Recorded data =>
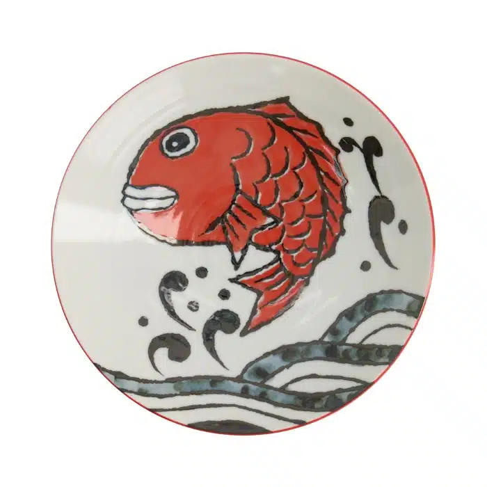 Tokyo Design Studio Seafood Tief Teller, japanische Küche, 21,7 cm Durchmesser, 5,2 cm Höhe, 900 ml Kapazität, Barsch Bild, rot und weiß, Wellenmuster, Meeresthema, Sushi, Bouillabaisse, japanische Ästhetik, The Oriental Shop.
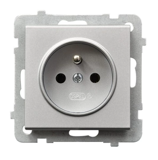 Gniazdo pojedyncze z uziemieniem, srebro mat SONATA o numerze katalogowym GP-1RZ/M/38 w kategorii Gniazda podtynkowe, Gniazda instalacyjne. Produkt wyprodukowany przez markę OSPEL, seria SONATA.
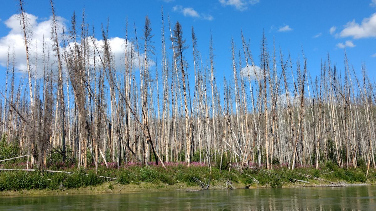 两岸总能看到山火过后的树林,在一处路书上标注1995山火的山坡上,看到有些树干黑黑的,直直的,有些有树皮被烧光,留下树干发着白光。还有一些在树顶留着一丛丛的叶子,样子怪搞笑的。它们也许还要再过几十年才能恢复成森林。但我们不用悲伤。看看枯树下那遍旺盛的Fireweed(火草/柳兰),它是育空地区的标志之花,山火过后,它们总是第一批居民,哪里有死亡,哪里就有新生。
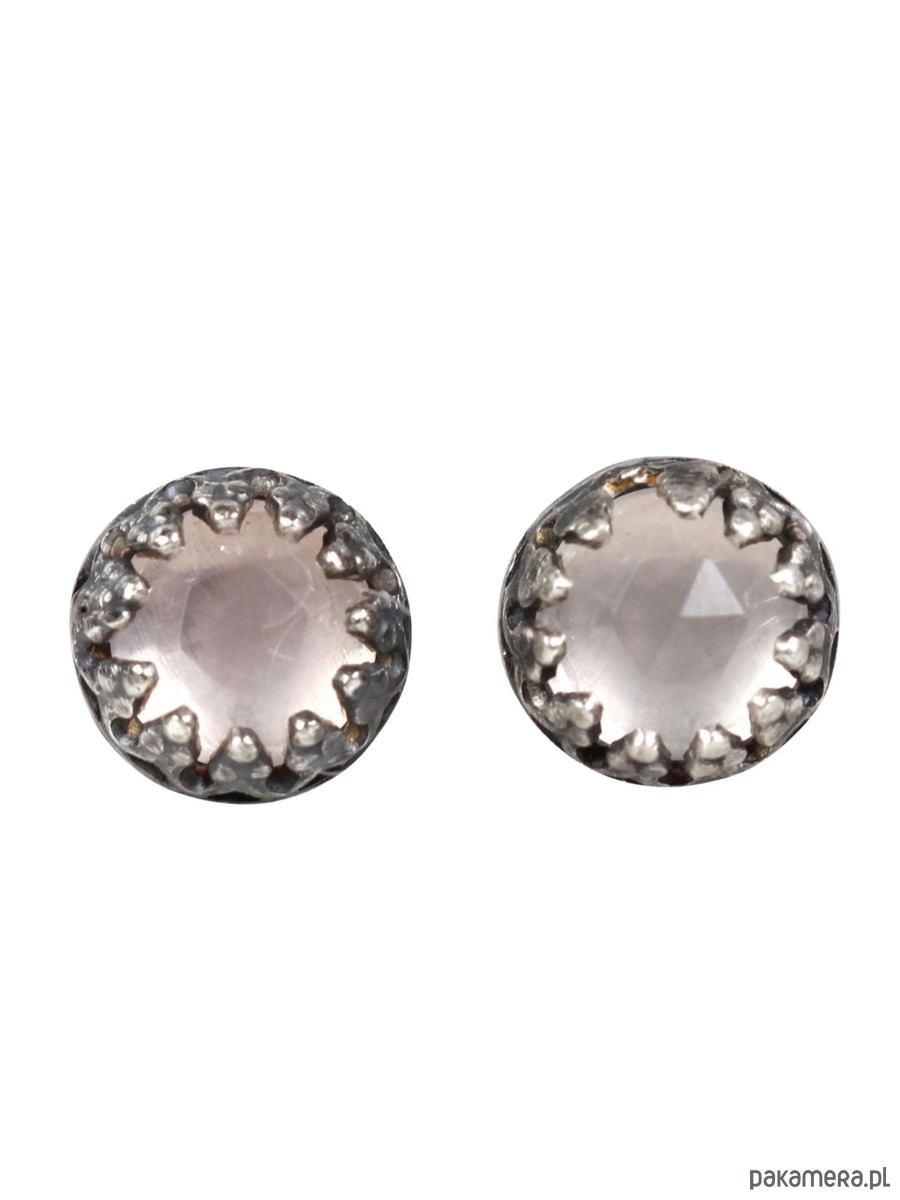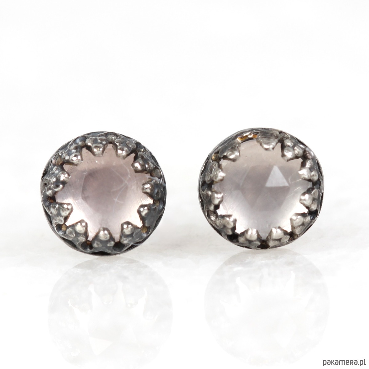 Kolczyki sztyfty oksydowane Petite z kwarcem różowym
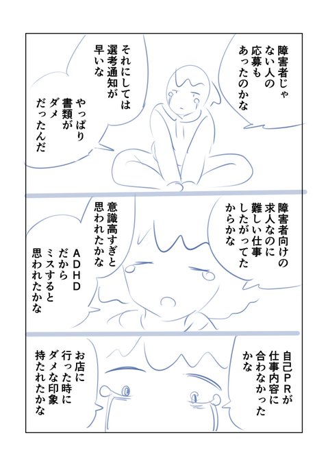 7 75 初めて障害者雇用の求人に応募して書類選考で落ちた時の話(3/8) #ADHD #障害者雇用 #エッセイ漫画 #漫画が読めるハッシュタグ 23/05/11 17:27
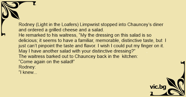 Rodney (Light in the Loafers) Limpwrist stopped into Chauncey’s diner and ordered a grilled cheese and a salad.
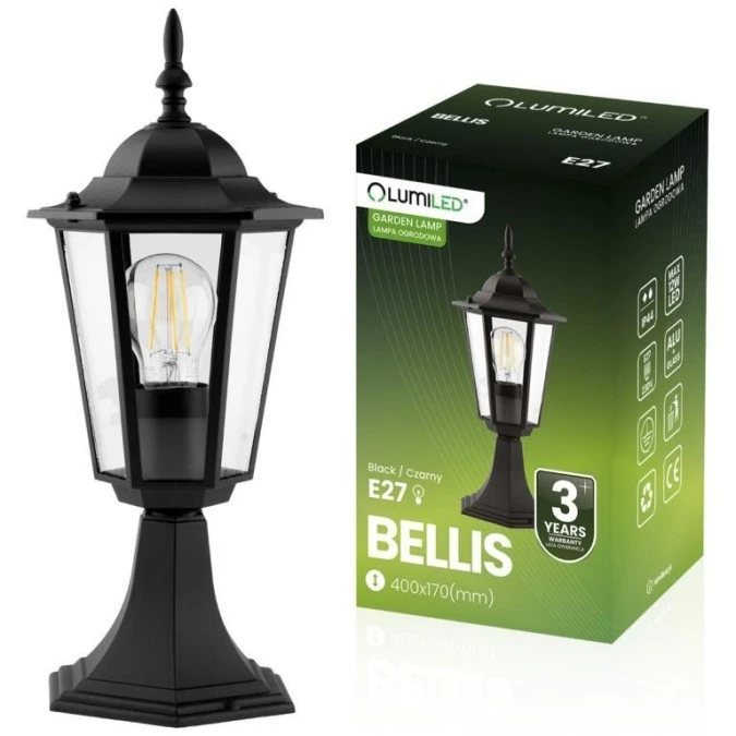 Lampa Ogrodowa Zewnętrzna E27 SŁUPEK LATARNIA 40cm Czarna BELLIS LUMILED Lampa Ogrodowa, Słupek Zewnętrzny serii BELLIS marki LUMILED o wysokości 42 cm w kształcie latarni w kolorze czarnym. Lampa wykonana z wysokiej jakości aluminium oraz szkła. Zastosowanie stopu aluminium do produkcji lampy sprawia, że jest ona lekka, wytrzymała oraz odporna na korozję. Lampa z wymiennym źródłem światła została wyposażona w popularny trzonek E27 - maksymalna moc nie może przekraczać 12W LED. Lampa BELLIS została wykonana z dużą dbałością o szczegóły z połączenia wysokiej jakości aluminium i szkła. Dzięki temu nie tylko wygląda bardzo stylowo, ale także zachowuje pełną estetykę przez wiele lat. Lampa została wyposażona w popularny trzonek (gwint) E27, dzięki czemu mamy możliwość dobrania żarówek LED i tradycyjnych odpowiedniej mocy i barwy światła wedle naszych potrzeb, jednakże maksymalna moc źródła światła nie może przekraczać 12W LED. Lumiled® to marka oświetleniowa oficjalnie zarejestrowana w europejskim systemie EUIPO. Lumiled® na polskim rynku od ponad 10lat dba o zadowolenie klienta. Główne zalety produktu: Elegancki i stylowy wygląd Wymienne źródło światła Popularny gwint na żarówki E27 o max. mocy 12W . Łatwość montażu Odporność na zachlapania - IP44 Produkt wykonany z wysokiej jakości metalu z dbałością o każdy detal Luksusowa i efektowna konstrukcja Szerokie zastosowanie lampy Lampy Lumiled zaprojektowane zostały pod kątem wilgotnych miejsc i zostały poddane testom, które potwierdziły ich odporność na wodę. Lampa cechuje się klasą wodoszczelności IP44 oznacza to, że jest odporna na zachlapania i wnikaniem pyłów, co sprawia, że jest idealną lampą do zastosowań zewnętrznych. Kilka przykładów zastosowań: Oświetlenie chodnika - zamontowanie lampy w wzdłuż chodnika lub ścieżki ogrodowej, jest bardzo ciekawym rozwiązaniem, które zapewni ich dobre oświetlenie, tworząc unikalny nastrój. Oświetlenie ogrodu/ tarasu - dobrze oświetlony ogród sprawi, że Twoje rośliny będą równie pięknie wyglądać po zmroku co w promieniach słońca, a wieczorne spotkania z rodziną i przyjaciółmi będą odbywać się w przytulnej i kameralnej atmosferze. UWAGA! Brak źródła światła w komplecie.

Task objective => An exact repetition of all the records above is required, excluding the pictures.

Exercise answer =>
 Tokyo Design Studio Seafood Tief Teller, japanische Küche, 21,7 cm Durchmesser, 5,2 cm Höhe, 900 ml Kapazität, Barsch Bild, rot und weiß, Wellenmuster, Meeresthema, Sushi, Bouillabaisse, japanische Ästhetik, The Oriental Shop.
 Gniazdo pojedyncze z uziemieniem, srebro mat SONATA o numerze katalogowym GP-1RZ/M/38 w kategorii Gniazda podtynkowe, Gniazda instalacyjne. Produkt wyprodukowany przez markę OSPEL, seria SONATA.
 两岸总能看到山火过后的树林,在一处路书上标注1995山火的山坡上,看到有些树干黑黑的,直直的,有些有树皮被烧光,留下树干发着白光。还有一些在树顶留着一丛丛的叶子,样子怪搞笑的。它们也许还要再过几十年才能恢复成森林。但我们不用悲伤。看看枯树下那遍旺盛的Fireweed(火草/柳兰),它是育空地区的标志之花,山火过后,它们总是第一批居民,哪里有死亡,哪里就有新生。
 Kolczyki sztyfty oksydowane Petite z kwarcem różowym
 7 75 初めて障害者雇用の求人に応募して書類選考で落ちた時の話(3/8) #ADHD #障害者雇用 #エッセイ漫画 #漫画が読めるハッシュタグ 23/05/11 17:27
 Rodney (Light in the Loafers) Limpwrist stopped into Chauncey’s diner and ordered a grilled cheese and a salad.
 Lampa Ogrodowa Zewnętrzna E27 SŁUPEK LATARNIA 40cm Czarna BELLIS LUMILED Lampa Ogrodowa, Słupek Zewnętrzny serii BELLIS marki LUMILED o wysokości 42 cm w kształcie latarni w kolorze czarnym. Lampa wykonana z wysokiej jakości aluminium oraz szkła. Zastosowanie stopu aluminium do produkcji lampy sprawia, że jest ona lekka, wytrzymała oraz odporna na korozję. Lampa z wymiennym źródłem światła została wyposażona w popularny trzonek E27 - maksymalna moc nie może przekraczać 12W LED. Lampa BELLIS została wykonana z dużą dbałością o szczegóły z połączenia wysokiej jakości aluminium i szkła. Dzięki temu nie tylko wygląda bardzo stylowo, ale także zachowuje pełną estetykę przez wiele lat. Lampa została wyposażona w popularny trzonek (gwint) E27, dzięki czemu mamy możliwość dobrania żarówek LED i tradycyjnych odpowiedniej mocy i barwy światła wedle naszych potrzeb, jednakże maksymalna moc źródła światła nie może przekraczać 12W LED. Lumiled® to marka oświetleniowa oficjalnie zarejestrowana w europejskim systemie EUIPO. Lumiled® na polskim rynku od ponad 10lat dba o zadowolenie klienta. Główne zalety produktu: Elegancki i stylowy wygląd Wymienne źródło światła Popularny gwint na żarówki E27 o max. mocy 12W . Łatwość montażu Odporność na zachlapania - IP44 Produkt wykonany z wysokiej jakości metalu z dbałością o każdy detal Luksusowa i efektowna konstrukcja Szerokie zastosowanie lampy Lampy Lumiled zaprojektowane zostały pod kątem wilgotnych miejsc i zostały poddane testom, które potwierdziły ich odporność na wodę. Lampa cechuje się klasą wodoszczelności IP44 oznacza to, że jest odporna na zachlapania i wnikaniem pyłów, co sprawia, że jest idealną lampą do zastosowań zewnętrznych. Kilka przykładów zastosowań: Oświetlenie chodnika - zamontowanie lampy w wzdłuż chodnika lub ścieżki ogrodowej, jest bardzo ciekawym rozwiązaniem, które zapewni ich dobre oświetlenie, tworząc unikalny nastrój. Oświetlenie ogrodu/ tarasu - dobrze oświetlony ogród sprawi, że Twoje rośliny będą równie pięknie wyglądać po zmroku co w promieniach słońca, a wieczorne spotkania z rodziną i przyjaciółmi będą odbywać się w przytulnej i kameralnej atmosferze. UWAGA! Brak źródła światła w komplecie.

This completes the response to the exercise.